Sebentar lagi, tepatnya pada tanggal 31 Maret, batas waktu Surat Pemberitahuan Tahunan (atau SPT) akan memasuki masa tenggat waktu. Artinya, sebelum tanggal yang sudah ditetapkan tersebut, seluruh Wajib Pajak perorangan harus menyertakan laporan perhitungan dan pembayaran pajak kepada negara.
Nah, apakah sebagai umat Buddha, kita sudah siap? Atau jangan-jangan masih ada yang belum membuat laporan SPT? Atau lebih parah lagi, sengaja mengisi laporan dengan tidak benar. Nah, melalui artikel ini saya ingin mengajak pembaca untuk menilik pandangan Buddhis terhadap pembayaran pajak.
Dalam Dasa Kusala Kamma atau Sepuluh Perbuatan Baik yang disampaikan oleh Guru Agung Buddha; Berdana atau bermurah hati berada pada urutan pertama. Sila atau berperilaku baik pada urutan kedua. Sedangkan Bhavana, mengembangkan batin pada urutan ketiga. Demikian seterusnya.
Hyang Buddha menganjurkan agar seseorang tidak melupakan tempat kelahirannya, tempat ia dibesarkan, dan juga tempat ia memperoleh keberhasilan.
"Seorang Bodhisattva akan selalu ingat untuk membalas empat Budi Besar, yaitu: Budi Orang Tua dan Guru, Negara , Bangsa, serta Triratna.(Mahayana Mulajata-hrdayabhumi-dhyana Sutra, Katalog nanjio,955).
Perlu dipahami, pajak adalah iuran kepada negara oleh wajib pajak. Hal ini berdasarkan undang-undang yang sudah tertera. Sedangkan fungsi pajak adalah untuk membiayai pengeluaran-pengeluaran umum sehubungan dengan tugas untuk menyelenggarakan pemerintahan dan kesejahteraan rakyat.
Dasar hukum Perpajakan terdapat pada pasal 23 ayat 2: "Segala Pajak untuk keperluan Negara berdasarkan Undang-undang."
Pemerintah memungut pajak untuk kesejahteraan rakyatnya sendiri, sebab tujuan negara adalah untuk membuat masyarakat makmur dan sejahtera.

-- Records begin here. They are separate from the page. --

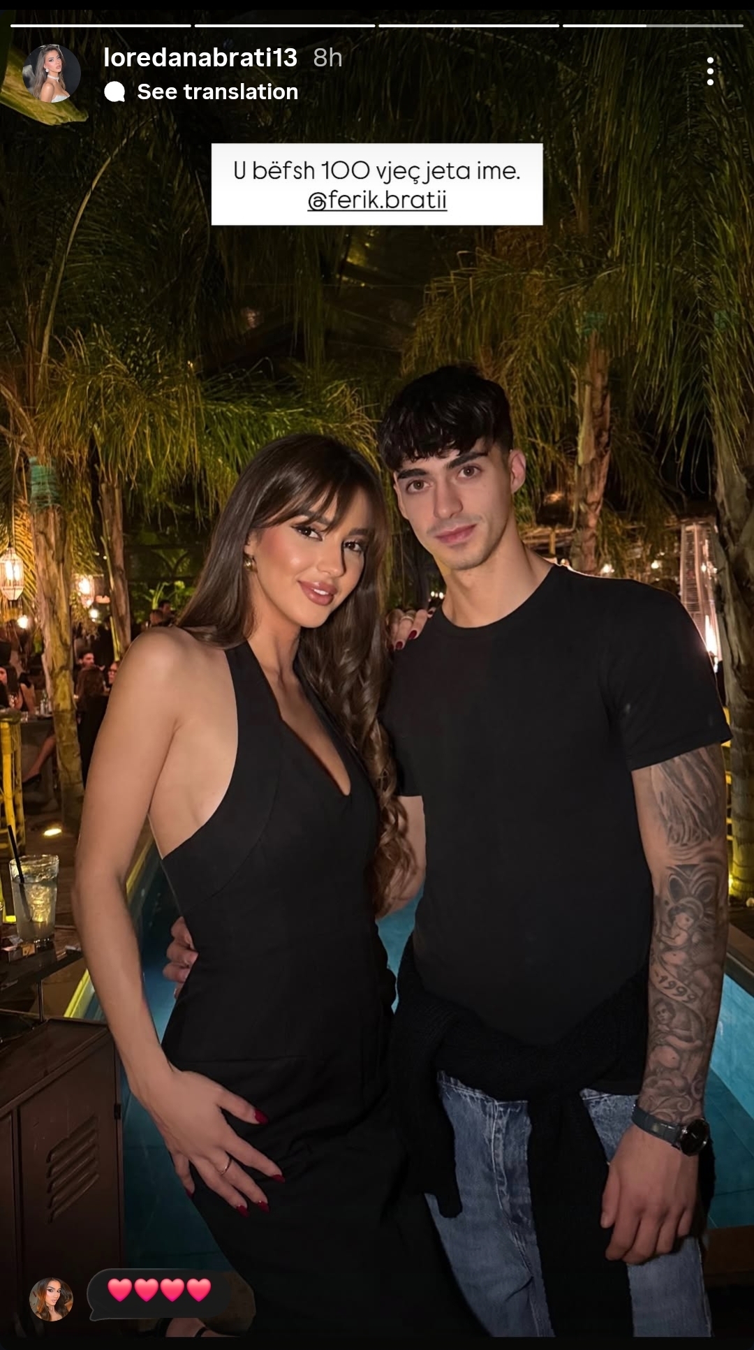 Bashkëngjitur fotos, ish-konkurrentja e njohur ka shkruar një urim të përzemërt: “U bëfsh 100 vjeç jeta ime. @ferik.bratiii”, duke i shprehur kështu dashurinë vëllait të saj.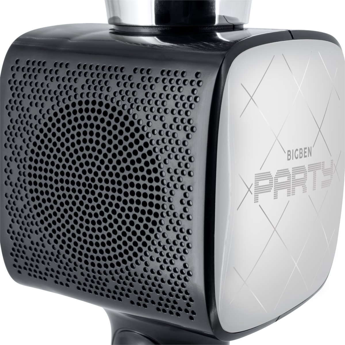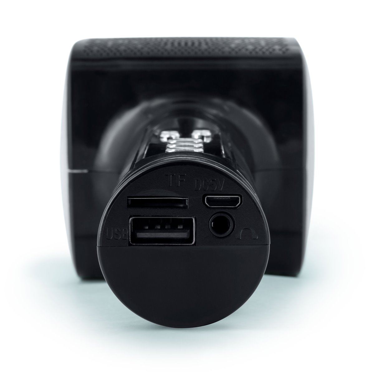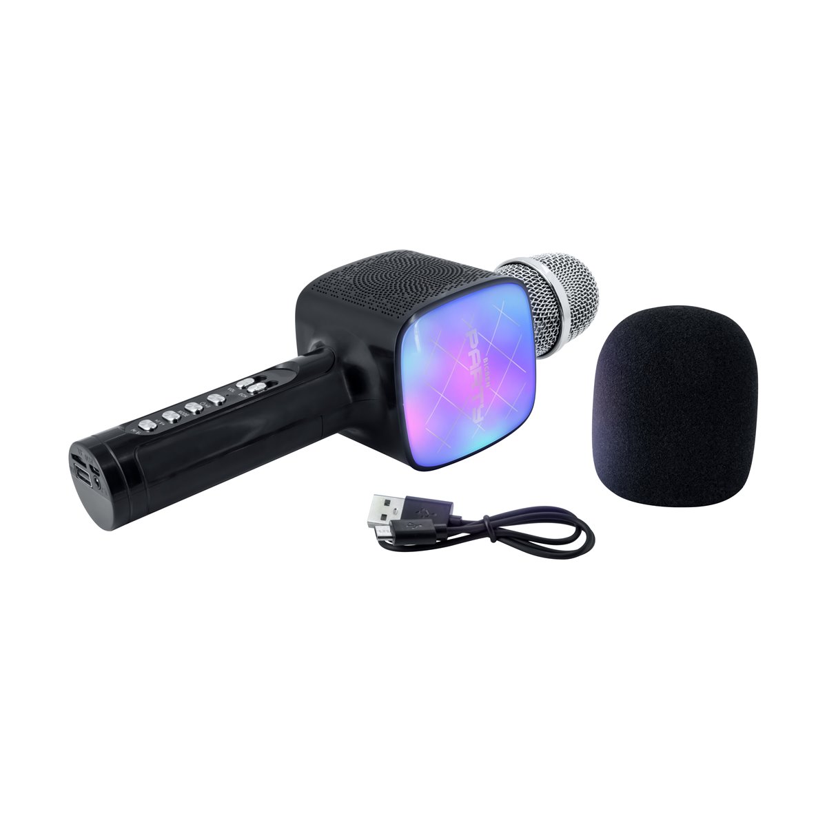 Micrófono estéreo con altvoz y efectos luz.Funda protección, paravientos.Entrada USB y TF.Entrada para auricular de 3,5mm.Bateria recargablede 1800mAh para 6 horas de autonomía.Potencia musical total 15 Watts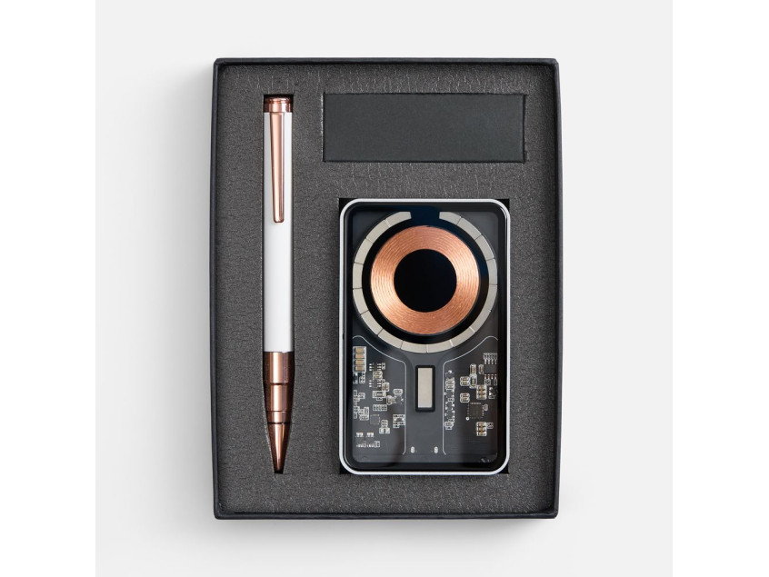 Компактный аккумулятор Cooper Ergo с премиальным корпусом и привлекательной электронной «начинкой» под прозрачной панелью в сочетании с увесистой шариковой ручкой Kugel Rosegold станут идеальным подарком как для коллег, так и для руководителей.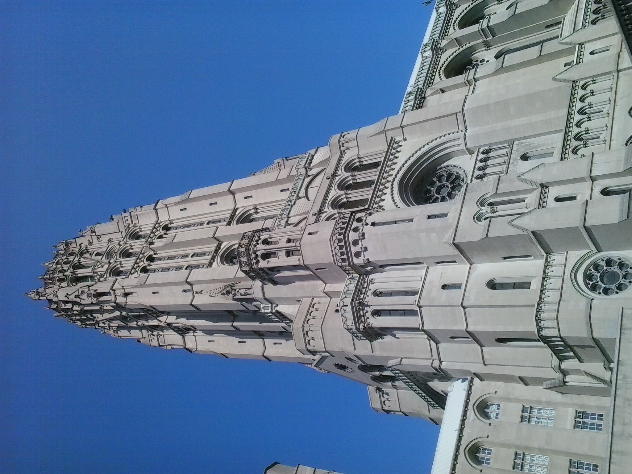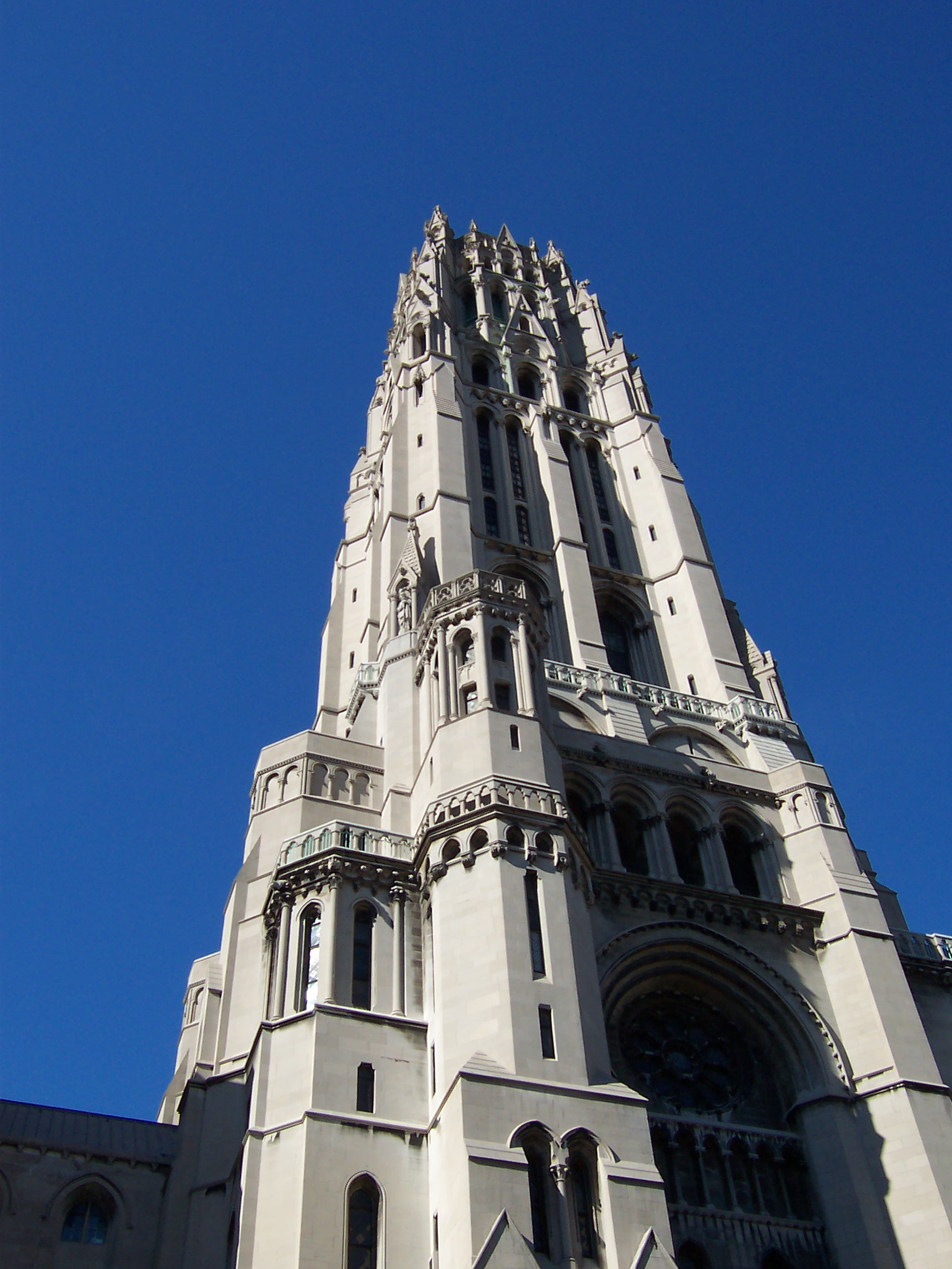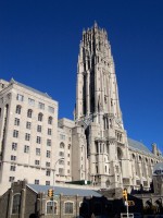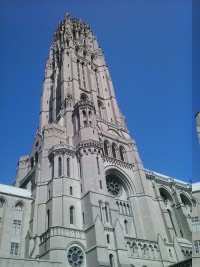 This church was built for modernist Baptist pastor Harry Emerson Fosdick by John D. Rockefeller, Jr. (1874-1960), a noted philanthropist and the only male heir of robber baron John D. Rockefeller, Sr. (1839-1937). Construction began in 1926 and the first service was held on October 5, 1930. The building was designed by Henry C. Pelton and Charles Collens (of the firm Allen, Pelton and Collens) based on the nave of the 13th Century Gothic Cathedral of Chartres, France. The church is perhaps most notable for its 392-foot bell tower. Despite its appearance as being constructed entirely of masonry, it is actually a steel-frame structure with decorative limestone buttressing.

Sebagai Umat Buddha kita patut bersyukur hidup di NKRI yang berlandaskan Pancasila dan kebebasan memeluk agama dan dijamin oleh UUD 1945. Kita sebagai umat Buddha dapat melaksanakan Pujabhakti setiap saat tanpa rasa takut atau diancam oleh siapa pun juga. Karena kondisi negara aman, tertib dan sejahtera.
Terciptanya kondisi aman, tertib, dan sejahtera, terjamin karena rakyat tidak termotivasi untuk berbuat hal-hal di jalur kebenaran. Hidup dengan bercukupan, adil, dan sejahtera. Hal ini senada dengan sabda Hyang Buddha, bahwa: "Suatu Negara/Kerajaan akan aman, tenteram, bebas dari kejahatan jika negara/kerajaan dapat menjamin kebutuhan hidup rakyatnya".